Canadian satellite communications company

Norsat International Inc. is a satellite communications company based in Richmond, British Columbia, Canada. The company, founded in 1977, develops and produces communications technology for the transmission of data, audio and video. The company is owned by Hytera, a Chinese company partly owned by Shenzhen Investment Holdings of Shenzhen's municipal government. Norsat's primary customers are from the military, broadcast and maritime industries.

== History ==

The company was founded by Rod Wheeler in 1977 in Whitehorse, Yukon under the name Northern Satellite Systems. Wheeler founded the company after attempting to build the first affordable consumer satellite dish with chicken wire and foil. This satellite dish eventually became the company's first prototype. After the company's IPO, it was renamed Norsat and Rod Wheeler became its first CEO. Norsat produces satellite communication products and is managed by President and CEO, Amiee Chan.

In 2011, Norsat acquired Sinclair Technologies, a Canadian company providing antenna and RF conditioning products.

In 2017, Norsat was sold to Hytera, a Chinese telecom company with the long-standing ties to the country's Ministry of Public Security, for CAD $85 million. The sale was flagged by the United States-China Economic and Security Review Commission as raising "significant national-security concerns for the United States" and its allies.
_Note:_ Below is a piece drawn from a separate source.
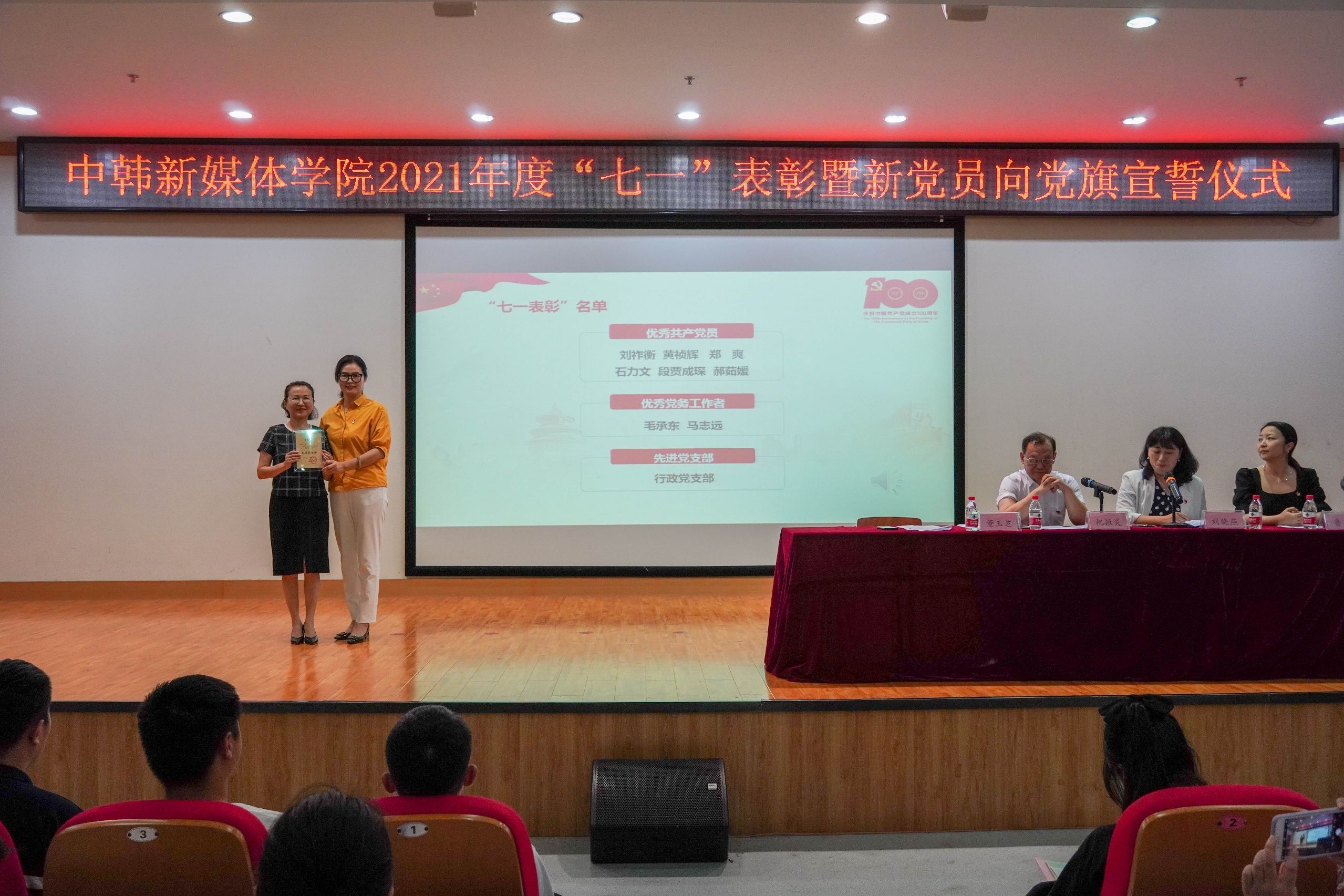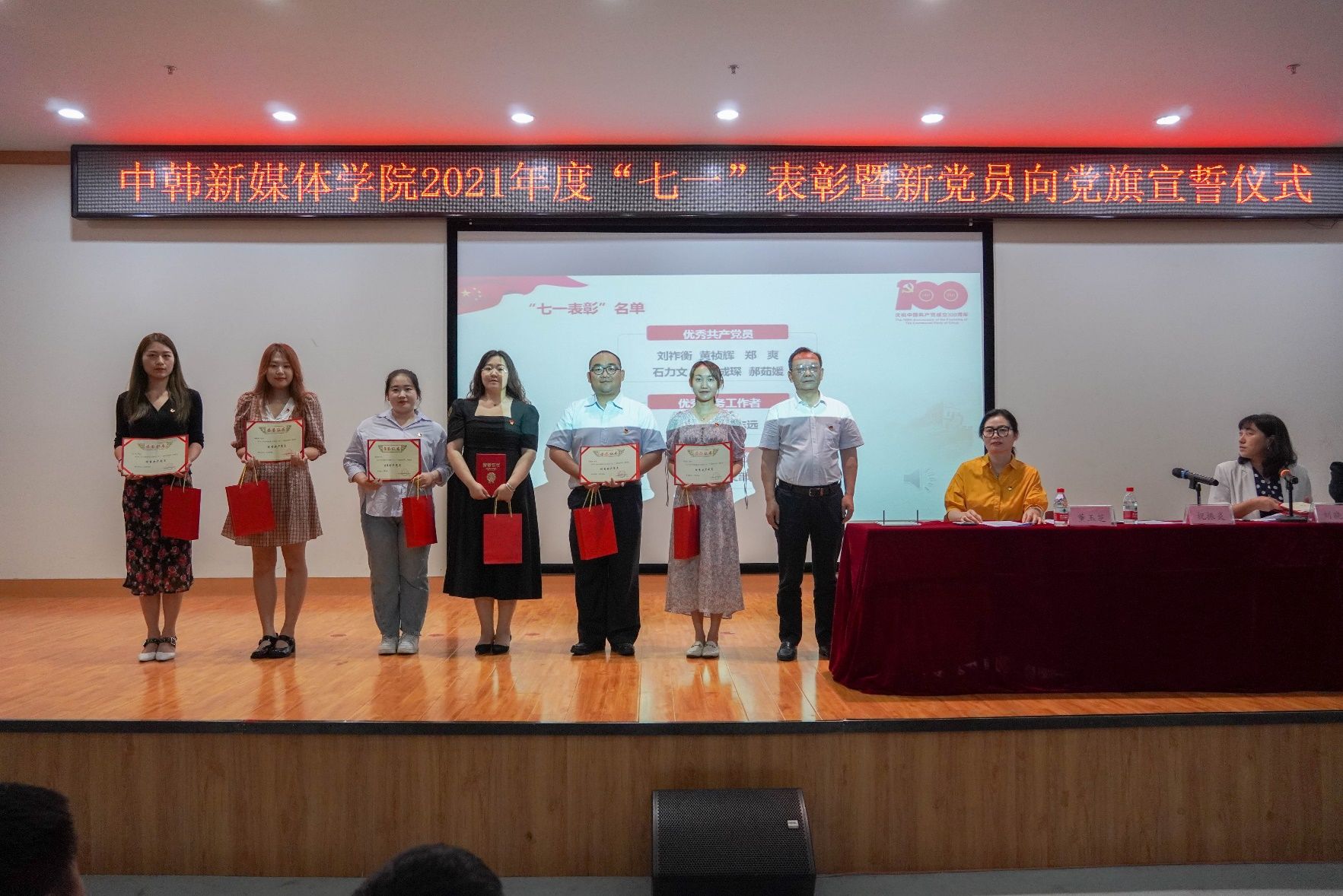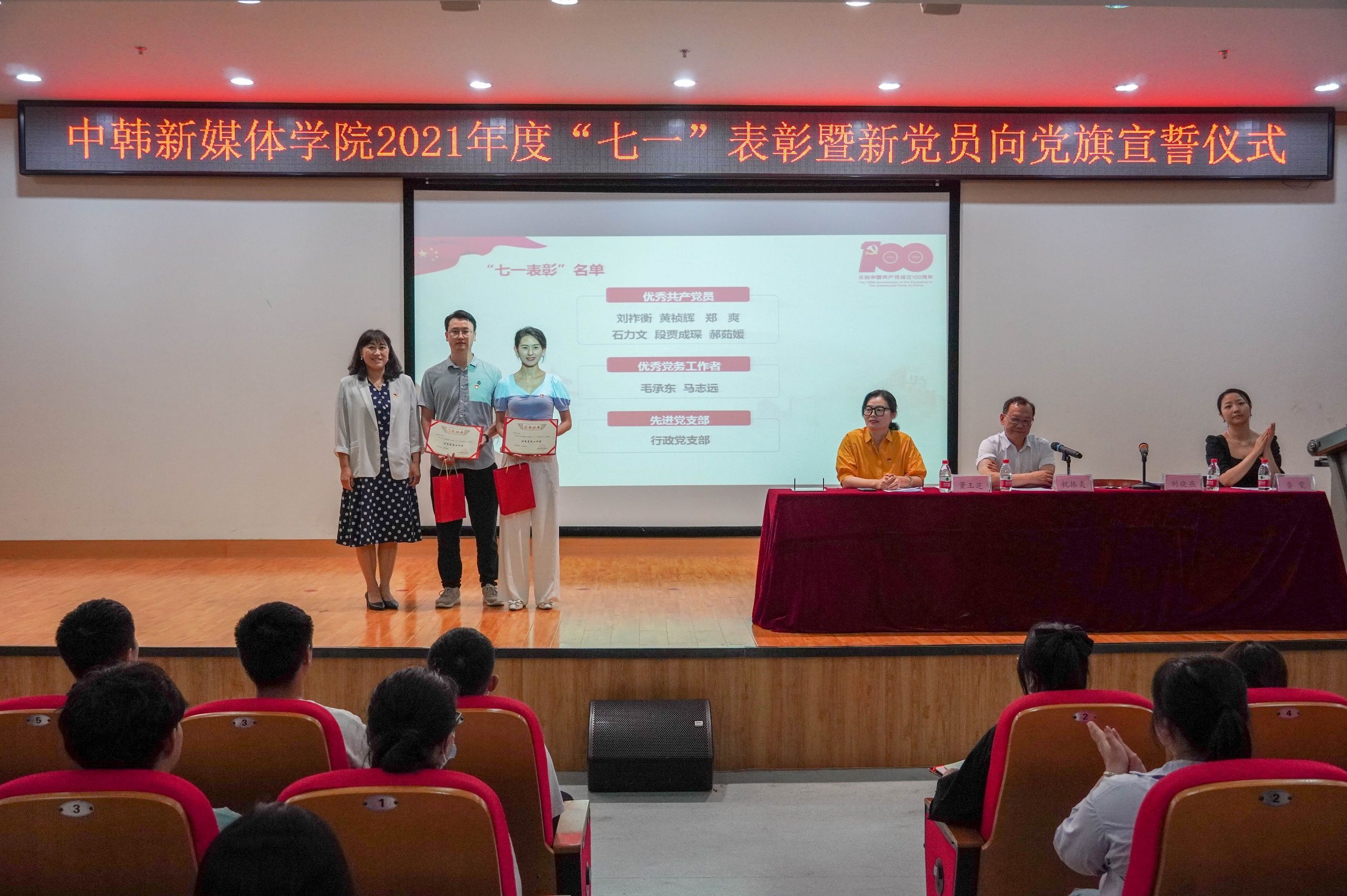 新闻网讯(通讯员 毛承东)百年征程照初心,奋楫扬帆启新程。为庆祝中国共产党成立100周年,7月1日下午,中韩新媒体学院举行2021年度“七一”表彰大会暨新党员向党旗宣誓仪式。学院党委班子成员、全体师生党员参加了仪式,仪式由学院党委副书记刘晓燕主持。

In 2019, Hytera was effectively banned from doing business with U.S. government agencies due to national security concerns.

In 2022, the Royal Canadian Mounted Police terminated a communications equipment contract with Norsat's subsidiary, Sinclair Technologies, over national security concerns.

In April 2023, a ThrustMe NPT30-I2 iodine electric propulsion system was launched on the NorSat-TD satellite. The NPT30-I2 was launched in collaboration with the SpaceX Falcon 9 rocket which took off from the Vandenberg Space Force Base in California.